Population structure and the rate of evolution.

Author information

1
Centre for Computational Systems Biology, Fudan University, Shanghai 200433, People׳s Republic of China.
2
Centre for Computational Systems Biology, Fudan University, Shanghai 200433, People׳s Republic of China; Department of Ecology and Genetics, Evolutionary Biology Center, Uppsala University, Uppsala 75236, Sweden. Electronic address: martin.lascoux@ebc.uu.se.
3
Centre for Computational Systems Biology, Fudan University, Shanghai 200433, People׳s Republic of China. Electronic address: davidwaxman@fudan.edu.cn.

Abstract

The way population size, population structure (with migration), and spatially dependent selection (where there is no globally optimal allele), combine to affect the substitution rate is poorly understood.
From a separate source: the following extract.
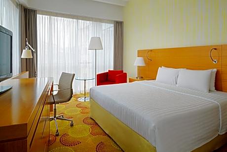 The Courtyard Budapest City Center enjoys a convenient location in the center of the city, on Blaha Lujza Square with its metro, bus and tram stops. Each room in the Courtyard Budapest City Center offers high-speed wireless internet access, a well-lit work desk and an ergonomic chair. Tea and coffee making facilities can be found in every room as well. The Oléo Pazzo Mediterranean bistro, awaits you for breakfast, lunch and dinner. When you are in a hurry, you can visit The Market Shop for a snack, open 24 hours a day. You can leave your car in the Courtyard Budapest City Center's car park.

Here, we consider a two patch model where mutant alleles are beneficial in one patch and deleterious in the other patch. We assume that the spatial average of selection on mutant alleles is zero. We take each patch to maintain a finite number of N adults each generation, hence random genetic drift can independently occur in each patch. We show that the principal way the population size, N, when large, affects the substitution rate, R∞, is through its dependence on two composite parameters. These are the scaled migration rate M (∝ population size × migration rate), and the scaled selection intensity S (∝population size × beneficial effect of a mutant). Any relation between S and M that arises for ecological/evolutionary reasons can strongly influence the way the substitution rate, R∞, depends on the population size, N. In the simplest situation, both M and S are proportional to N, and this is shown to lead to R∞ increasing with N when S is not large. The behaviour, that R∞ increases with N, is not inevitable; a more complex relation between S and M can lead to the opposite or other behaviours. In particular, let us assume that dM/dN is positive, as would occur if the migration rate were constant, S is not large, and S depends on M (i.e., S=S(M)). We then find that if S(M) satisfies S(M)>((1+M)/1+2M)S(0) then the substitution rate, R∞, increases with N, but if S(M)<((1+M)/1+2M)S(0) then R∞ decreases with N.

KEYWORDS:

Diffusion approximation; Migration; Population subdivision; Spatially dependent selection; Wright–Fisher model

PMID:
25451534
DOI:
10.1016/j.jtbi.2014.10.041
[Indexed for MEDLINE]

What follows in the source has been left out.